Kidney is a vital metabolic and excretory organ in the human body. Its high blood flow and vigorous excretion function make it vulnerable to various insult factors such as immunity, poison, ischemia, infection, and metabolic disorders, resulting in acute kidney injury (AKI) [1]. Previous research of our group demonstrated that the incidence of AKI caused by various reasons was about 20 %–50 % among high-risk inpatients [2]. Due to the low early diagnosis rate and the lack of effective therapeutic medications, the clinical management of AKI is highly challenging, with the mortality rate of hospitalized AKI patients kept high at about 25 %, and 50 % of the AKI patients did not fully recover their renal function and eventually transitioned to chronic kidney disease (CKD) [2].

Early diagnosis, timely prevention, and proper treatment of the pathogenic insults are crucial to improving the outcome of AKI. However, the complexity of tissue structure and physiological functions and the variety of pathogenesis on the large scale of acute kidney injuries make it extremely difficult to reach an early detection and a comprehensive evaluation of kidney injury, which greatly impedes the development of precision medicine for AKI. Therefore, constructing a systemic and panoramic evaluation system of kidneys is crucial for the improvement of clinical diagnosis and the development of new drugs [3]. Recent advances in renal imaging and omics studies with various scales or modalities have provided novel views and deeper insights into kidney injury. These bring us precious opportunities but also raise rigorous challenges in reaching the landmark of a comprehensive cellular and molecular atlas of kidney injury. Here in this article, we present our views on this booming and brand-new area in kidney injury studies.

Significance

Nowadays, the improvement of the capacity of clinical diagnosis and treatment is becoming a major clinical need.

Diagnosis

In the clinical field, four major demands for full achievement of early diagnosis, etiological diagnosis, prognosis evaluation, and the right timing of treatment decisions are increasing. However, the existing methods and strategies for AKI diagnosis, such as clinical imaging and biomarkers, are far from developed. Renal pathology is still the leading strategy and gold standard of diagnosis. However, clinical kidney biopsy is highly traumatic and limited in sampling.
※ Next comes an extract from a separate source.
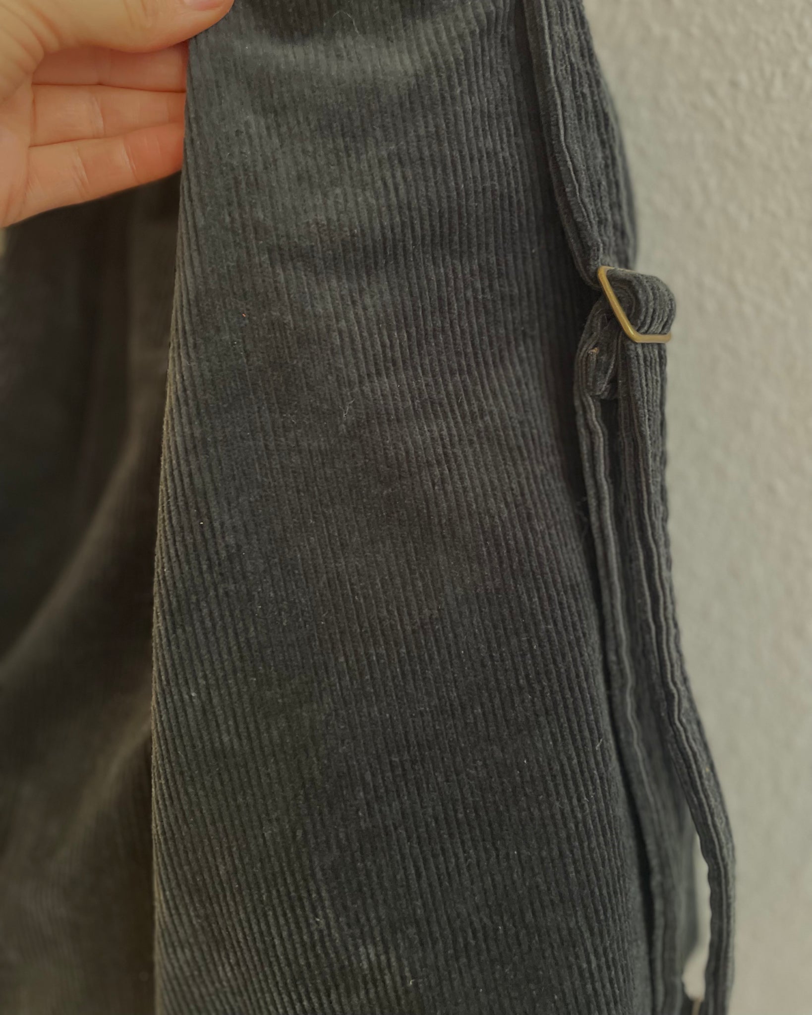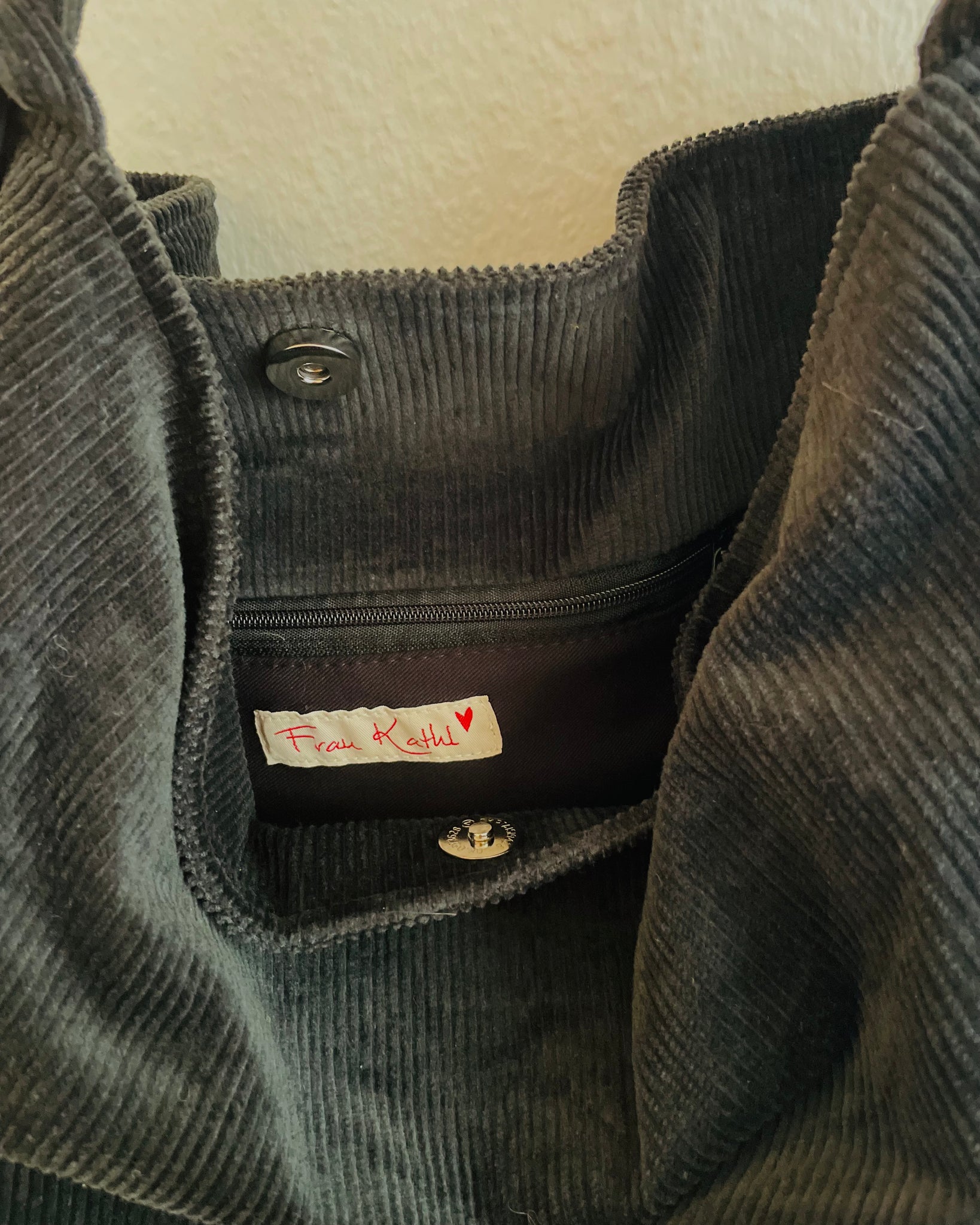 Der feste Feincord in Dunkelgrün-Schwarz sorgt für eine angenehme Haptik und eine stabile Form. Die Tasche wird mit einem praktischen magnetischen Druckknopf sicher verschlossen. Innen ist Inge mit einem schwarzen Öko-Tex-Futter ausgestattet und verfügt über eine praktische Reißverschluss-Innentasche für deine Essentials.

Excepting minor complications of transient bleeding, fever, hematuria, proteinuria and transient hypertension, major complications such as puncture of nearby organs or structures, infection near the biopsy site, development of arteriovenous fistula or pseudoaneurysm happen occasionally. Cases of nephrectomy or even death after renal needle biopsy are also factors that cannot be ignored in some extreme cases. As a result, it is not feasible for dynamic assessment of kidney injury or being performed in patients with severe conditions or with contraindications. Even after a successful and safe renal puncture, the low depth and small volume of biopsied samples disabled the pathologists from having a global view of the kidney and therefore may miss important disease information. These gave rise to a relatively low diagnosis rate and a limited precision of etiology identification [4]. In this case, it is in urgent medical need and of great clinical significance to develop a novel clinically practicable diagnosis strategy by imaging with high standard of non-invasion, dynamics and continuity.

Treatment

In the aspect of treatment, another sacred realm of kidney injury research is to interpret the elaborate mechanisms underlying the development and progression of long-lasting injury, since no successful drug therapy exists for AKI or reversing kidney fibrosis after so many years of mechanism study [1]. Besides the novel molecular targets are required to be identified urgently, their function in the time-series from the beginning to the end should also be elucidated clearly for a proper decision of treatment window. It is most meaningful to depict the mechanisms of kidney injury systematically, panoramically and comprehensively.

Opportunities

The rapid development of advanced technologies greatly facilitates cross cooperation and brings out many opportunities and novel insights into kidney diseases. Revolutionary technologies in kidney imaging and omics have made it possible to construct three-dimensional tissue maps with unprecedented spatial and molecular resolution. Medical cross-studies organized with these technologies are potential and promising approaches to removing obstacles to the full achievement of precision medicine for kidney diseases. This field is demonstrating powerful capabilities in meeting the growing diagnosis demands and solving complicated mechanism issues of renal diseases inch by inch.

Challenges

The number of renal studies in imaging and spatial omics is still largely limited due to several obstacles. At present, the main challenges of renal disease research to overcome are addressed in several aspects. (1) Complexity of renal tissue structure; (2) diversity of renal function; (3) complexity of pathogenesis of kidney diseases. The abundant cell types before and after injury are highly heterogeneous, and the spatial structure as well as segment variation composed by these cells is extremely complex. The pathological changes in kidney induced by various types of insults are more complex and exert differential effects on each cell type and segment resident in distinct spatial location, thus, giving rise to more complicated renal microenvironments. After injury occurred, renal tubular epithelial cells and vascular endothelial cells showed distinct degrees of injury, different subcellular structures alteration induced by heterogenous molecular mechanisms over time and space. Pathological changes such as infiltration of different subtypes of inflammatory cells in the mesenchyme and abnormal activation of different states of fibroblasts make the pathogenesis network more complex. In the chronic phase of renal injury, focal lesions and fibrosis sites arise, suggesting heterogeneous microenvironments composed of similar cell types. The same molecule or biological process might even play different protective or noxious roles in different stages of kidney injury [5].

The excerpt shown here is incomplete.